> **Available data**

[Start of Attachment]

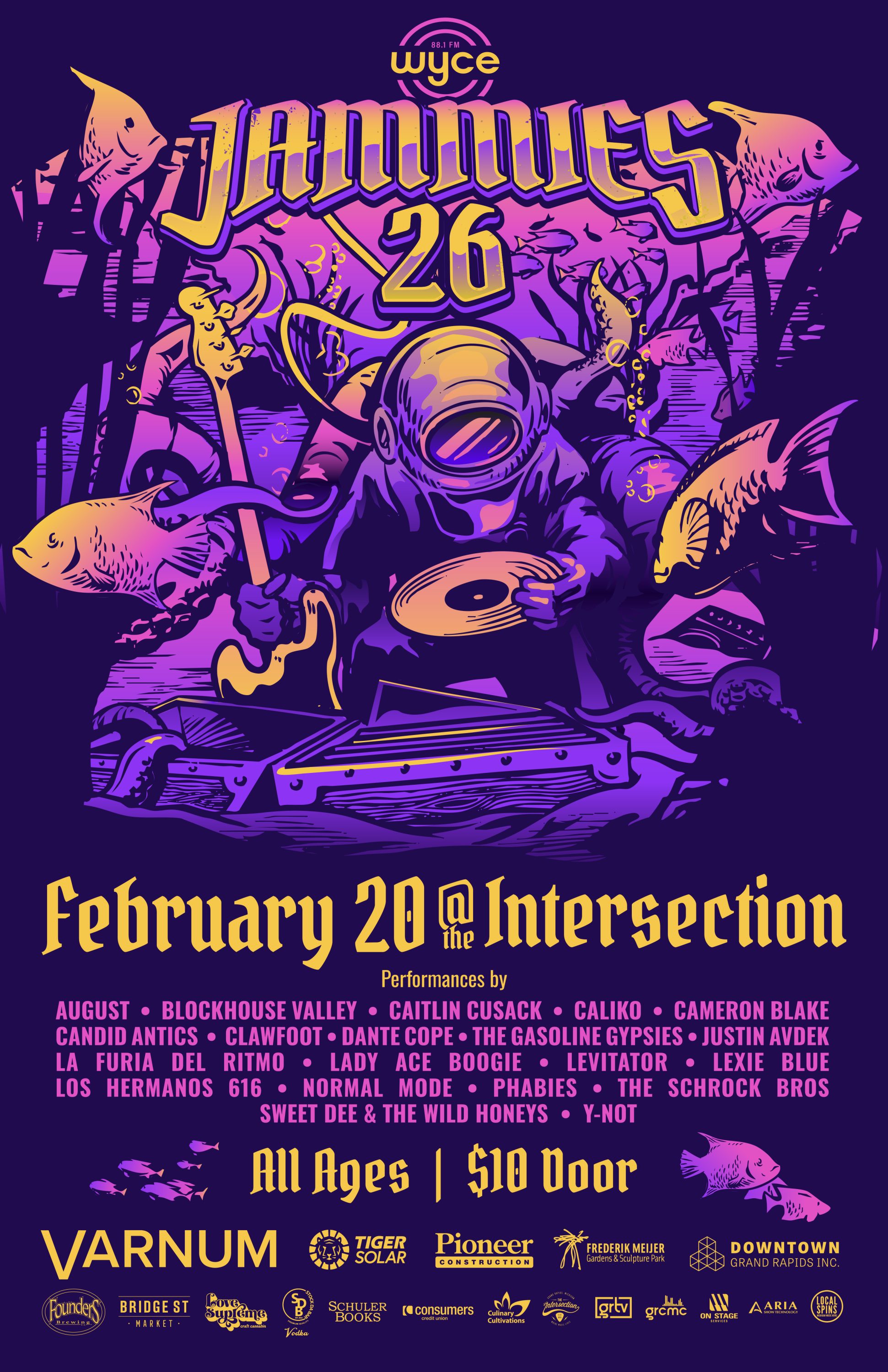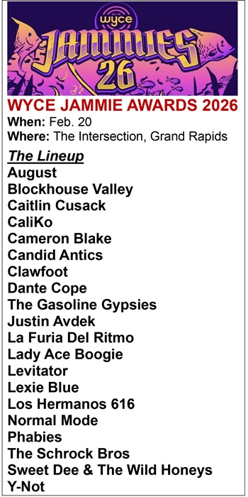The 2026 Jammie Awards presented by Grand Rapids community radio station WYCE (88.1 FM) at The Intersection on Feb. 20 will feature performances by 20 bands and solo artists, representing the biggest Jammies lineup since 2022, with awards presented in a host of categories for the best local and regional music released last year.
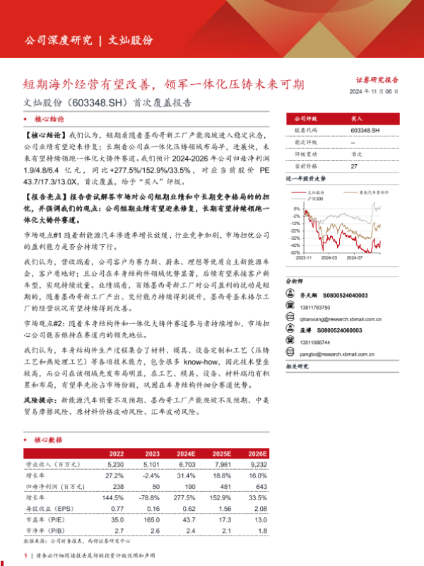 【西部证券】【20241106】文灿股份(603348)首次覆盖报告:短期海外经营有望改善,领军一体化压铸未来可期-33页 行业研究
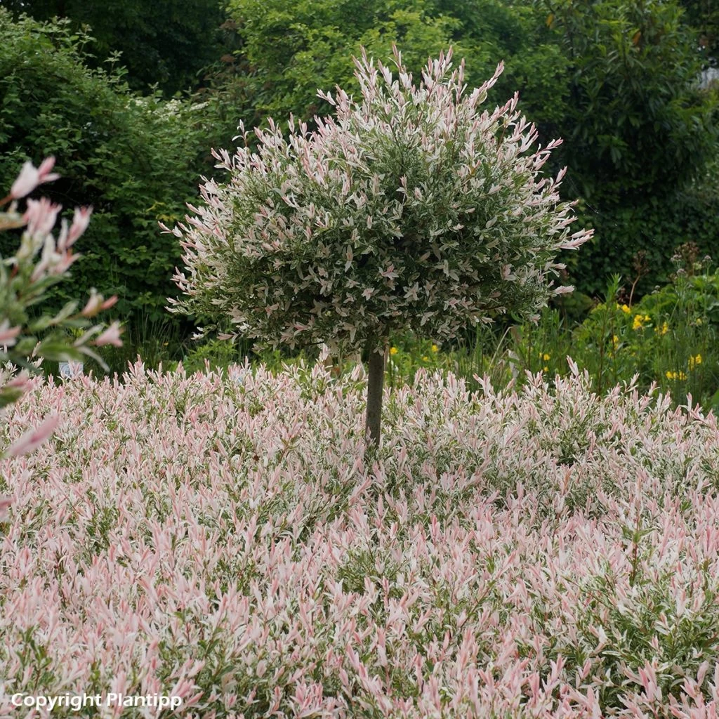 Comme un grand nombre d’arbustes panachés, le Saule crevette préfère les expositions tamisées, surtout en climat chaud, lorsque l’air est sec. Évitez-lui dans ce cas une exposition trop ensoleillée au risque de voir son feuillage brûler. Il se plaira en lisière de bosquet, ou bien à exposition est ou ouest. Son développement modeste convient bien aux petits espaces où il peut être planté en sujet isolé, au centre d’un massif de vivaces ou d’arbustes. Il peut également être cultivé dans un grand pot, en ayant soin de choisir celui-ci d’une teinte assez neutre pour ne pas interférer avec le festival de couleur de ce saule ! On l’associera volontiers à des arbustes à feuillage vert sombre pour la même raison, comme des Camélias dont les feuilles persistantes lustrées trancheront sans excès avec la finesse des feuilles bariolées de notre saule ‘Flamingo’. La sobriété d’un Hydrangea aspera Macrophylla, au feuillage vert foncé velu, tempérera en toute harmonie l’exubérance de ce saule crevette.

[End of Attachment]

> **Aim of the task**
Pass over the images and copy the rest of the material above exactly.

> **Task response**
The 2026 Jammie Awards presented by Grand Rapids community radio station WYCE (88.1 FM) at The Intersection on Feb. 20 will feature performances by 20 bands and solo artists, representing the biggest Jammies lineup since 2022, with awards presented in a host of categories for the best local and regional music released last year.
 【西部证券】【20241106】文灿股份(603348)首次覆盖报告:短期海外经营有望改善,领军一体化压铸未来可期-33页 行业研究
 Comme un grand nombre d’arbustes panachés, le Saule crevette préfère les expositions tamisées, surtout en climat chaud, lorsque l’air est sec. Évitez-lui dans ce cas une exposition trop ensoleillée au risque de voir son feuillage brûler. Il se plaira en lisière de bosquet, ou bien à exposition est ou ouest. Son développement modeste convient bien aux petits espaces où il peut être planté en sujet isolé, au centre d’un massif de vivaces ou d’arbustes. Il peut également être cultivé dans un grand pot, en ayant soin de choisir celui-ci d’une teinte assez neutre pour ne pas interférer avec le festival de couleur de ce saule ! On l’associera volontiers à des arbustes à feuillage vert sombre pour la même raison, comme des Camélias dont les feuilles persistantes lustrées trancheront sans excès avec la finesse des feuilles bariolées de notre saule ‘Flamingo’. La sobriété d’un Hydrangea aspera Macrophylla, au feuillage vert foncé velu, tempérera en toute harmonie l’exubérance de ce saule crevette.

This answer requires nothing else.